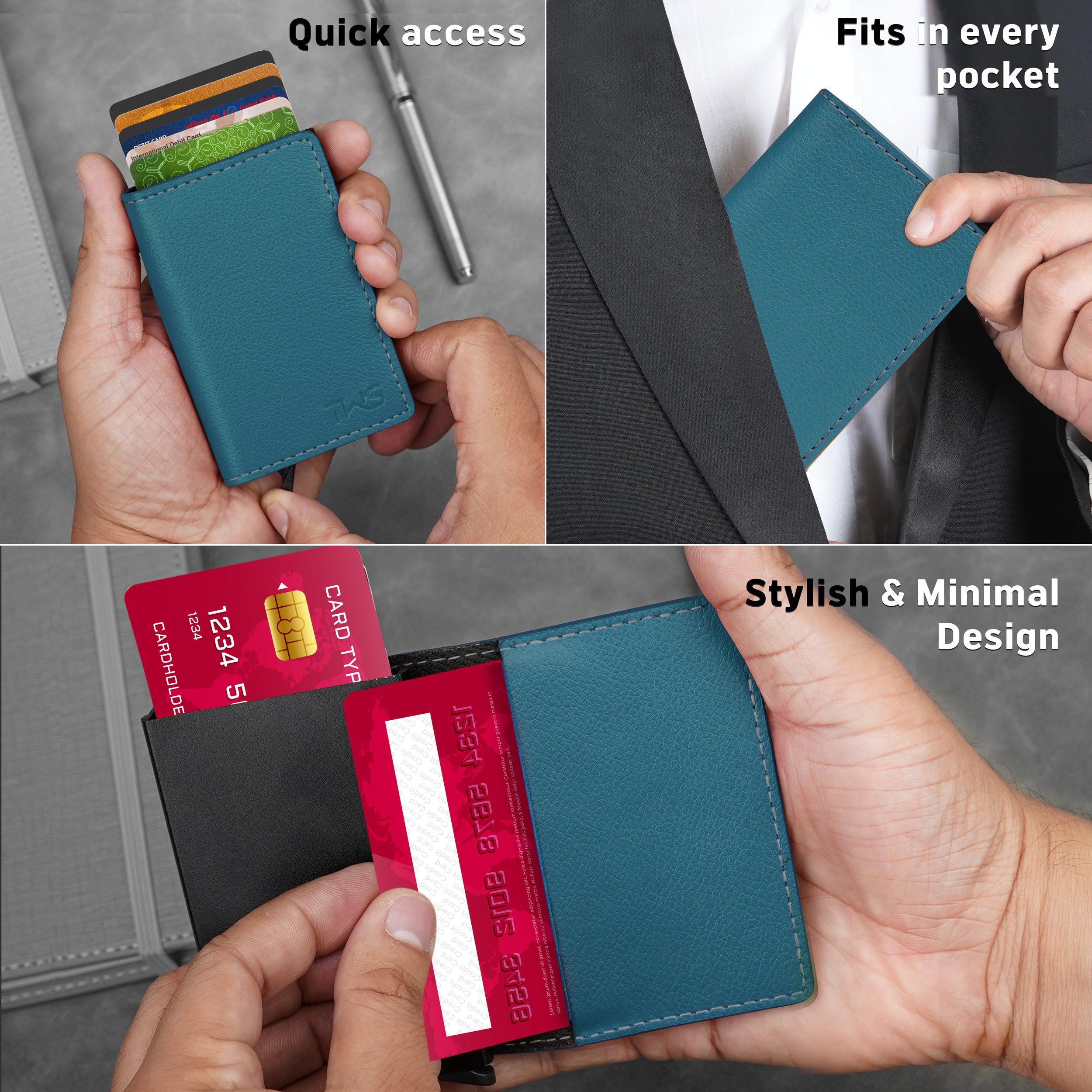 Card carrying capacity: Up to 6 cards (6 cards in metal cardholder, 2 cards in leather cover)
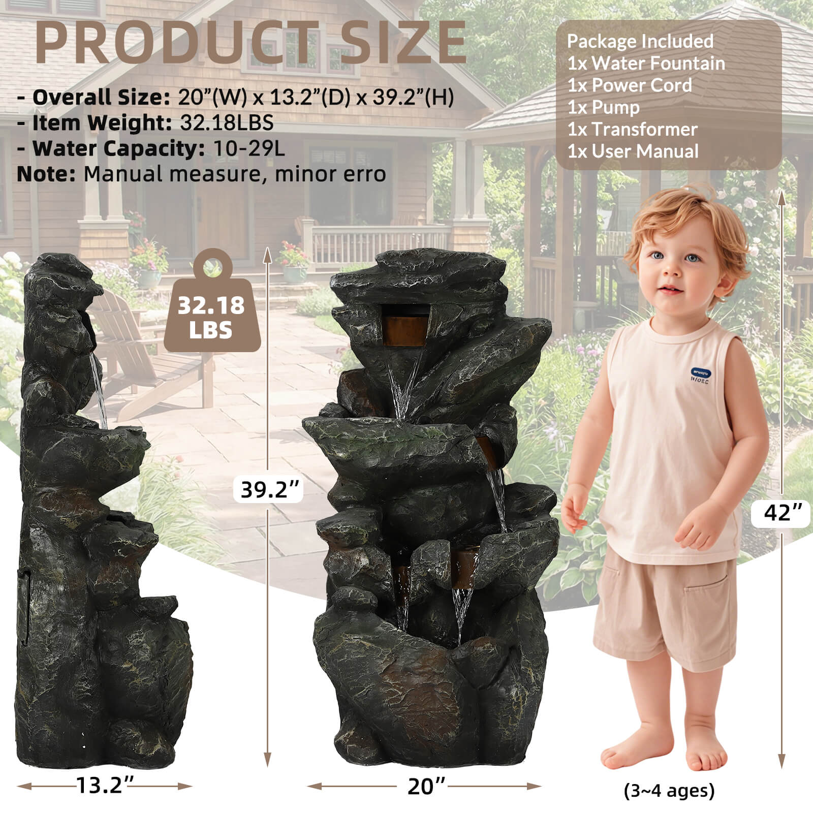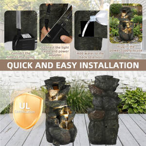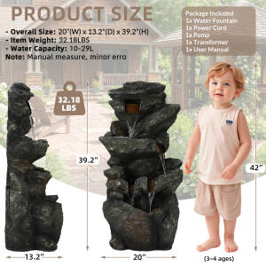 【Easy Installation & Service】Overall Dimensions: 20″ L x 13.2″ W x 39.2″ H, Water Capacity: 10-29L. Come with a UL-listed 110V-120V American plug for safe use,this outdoor fountain is easy to assemble, just connect the pump and light’s lines and then add water for use, no tools required. If you have any questions or need assistance, please do not hesitate to contact our customer service
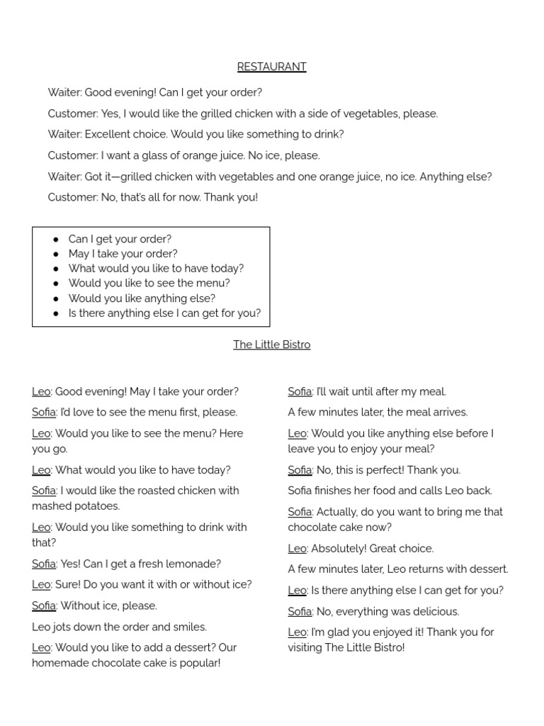 Leo: Good evening! May I take your order? Sofia: I’ll wait until after my meal.
-------------------------
▶ _Task prompt_
Write out all the material above exactly, with no image carried over.

▶ _Result for this task_
 Card carrying capacity: Up to 6 cards (6 cards in metal cardholder, 2 cards in leather cover)
 【Easy Installation & Service】Overall Dimensions: 20″ L x 13.2″ W x 39.2″ H, Water Capacity: 10-29L. Come with a UL-listed 110V-120V American plug for safe use,this outdoor fountain is easy to assemble, just connect the pump and light’s lines and then add water for use, no tools required. If you have any questions or need assistance, please do not hesitate to contact our customer service
 Leo: Good evening! May I take your order? Sofia: I’ll wait until after my meal.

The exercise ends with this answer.